第1074章 他妥协了(2 / 2)

他们脸上没有担忧,没有心疼,没有一丝一毫的不忍。

只有钱到手的踏实,和对他生命的轻描淡写。

一辈子重男轻女,一辈子觉得儿子就是天,就是根。

他把所有的温柔、力气、积蓄,全都砸在了这两个儿子身上,把他们惯得好吃懒做、自私自利,眼里从来只有自己。
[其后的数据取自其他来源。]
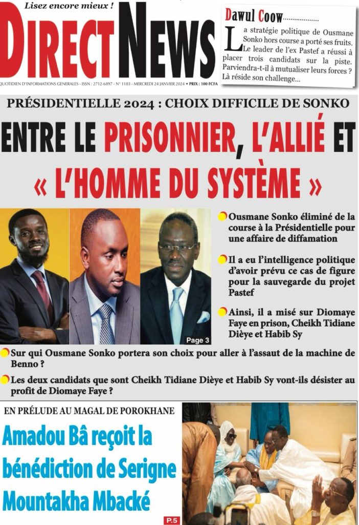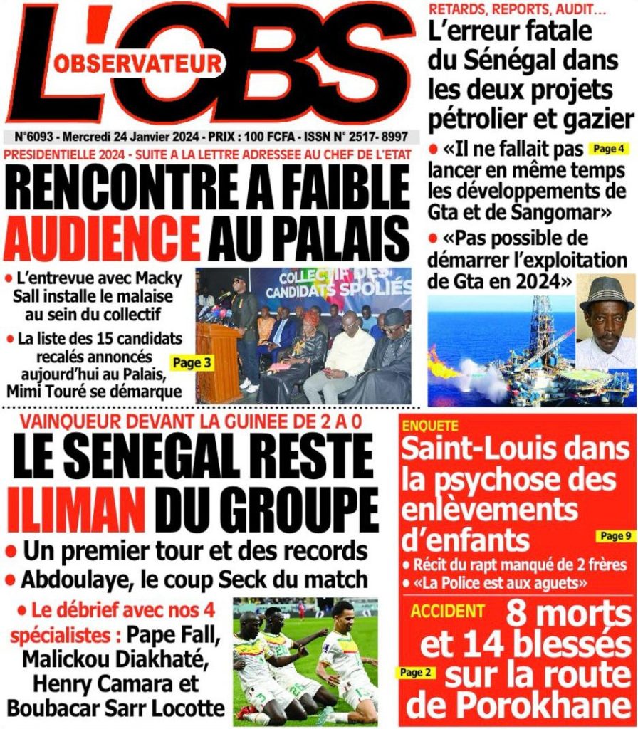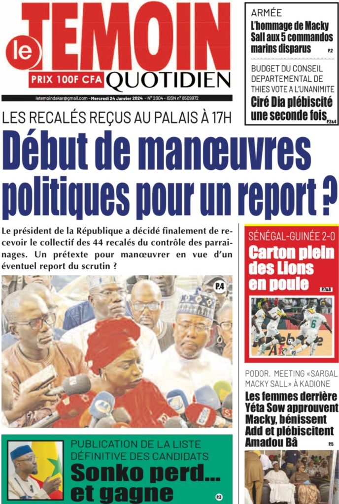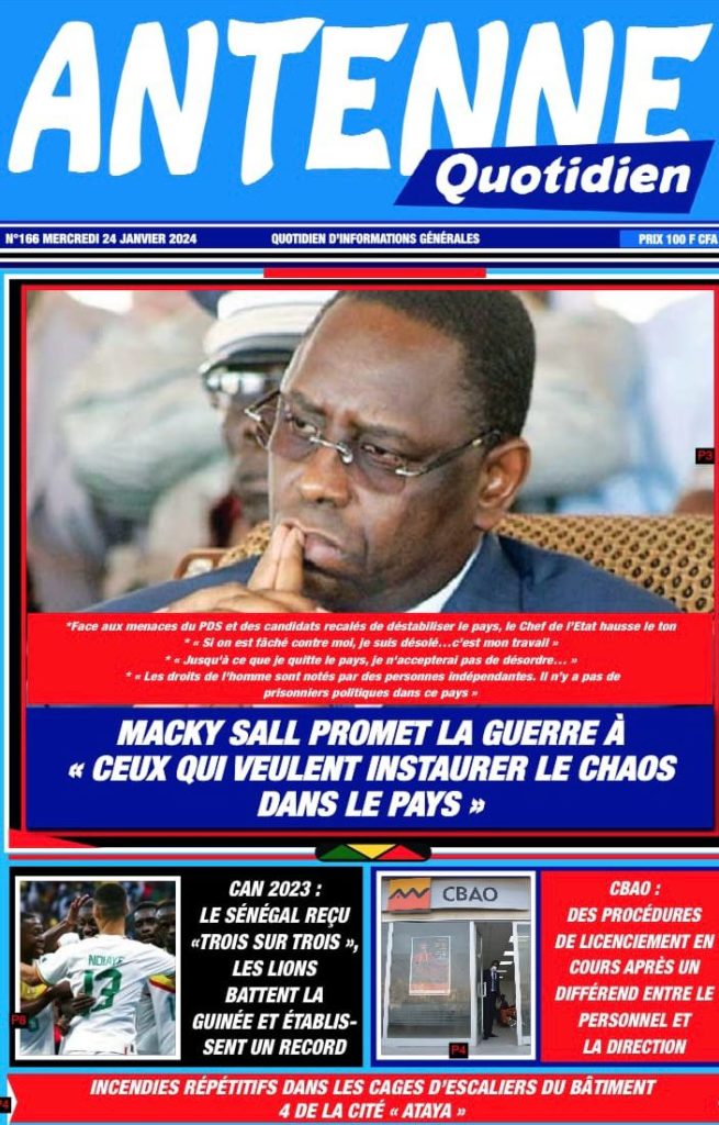 " /> La Une des Quotidiens Nationaux du 24 Janvier 2024 Publié le 24 Jan, 2024 À DÉCOUVRIR Les Unes des quotidiens nationaux du 13 novembre 2025 13 Nov, 2025 La Rédaction de SenCaféActu Partager ->

他以为,养儿防老,等他老了、病了,总有一口热汤、一句关心。

可现在,他身患绝症,拿着救命钱,他最亲的人,却在算计着怎么用他的命,换他们的媳妇和房子。

心不是一下子冷的。

是一点点、一寸寸,沉进无边无际的冰窖里。

比食道癌更疼的,是从骨头缝里渗出来的寒。

他张了张嘴,却再也发不出一点声音,只有眼泪毫无预兆地滚落,混着嘴角未干的血丝,一起砸在冰冷的地上。

原来这辈子掏心掏肺的疼,最后养出来的,是三把往他心上捅的刀。

章金山苦笑着摇了摇头,眼角的皱纹挤在一起,像被岁月揉皱的旧纸,连笑里都裹着化不开的无奈。

他的喉咙动了动,想辩解几句,却先被一阵尖锐的异物感扼住了喉咙,喉间涌上一股腥甜,他慌忙偏过头,捂着胸口干呕了几下,只咳出几口黏腻的唾沫。

那股从食管深处传来的灼痛,顺着胸骨一路蔓延到后背,疼得他肩膀都塌了下来。

他知道争也没用,自己这身子骨,打开春就垮了,先是吃馒头觉得噎得慌,后来连喝稀粥都要缓半天,如今这食管里像卡着块烧红的炭,连咽口水都带着疼,病殃殃的模样,连自己都瞧着碍眼。

方才两个儿子你一言我一语地算计自己治病钱时,老伴不仅不帮自己主持公道,反而还向着他们,这让章金山的心里充满绝望和难受。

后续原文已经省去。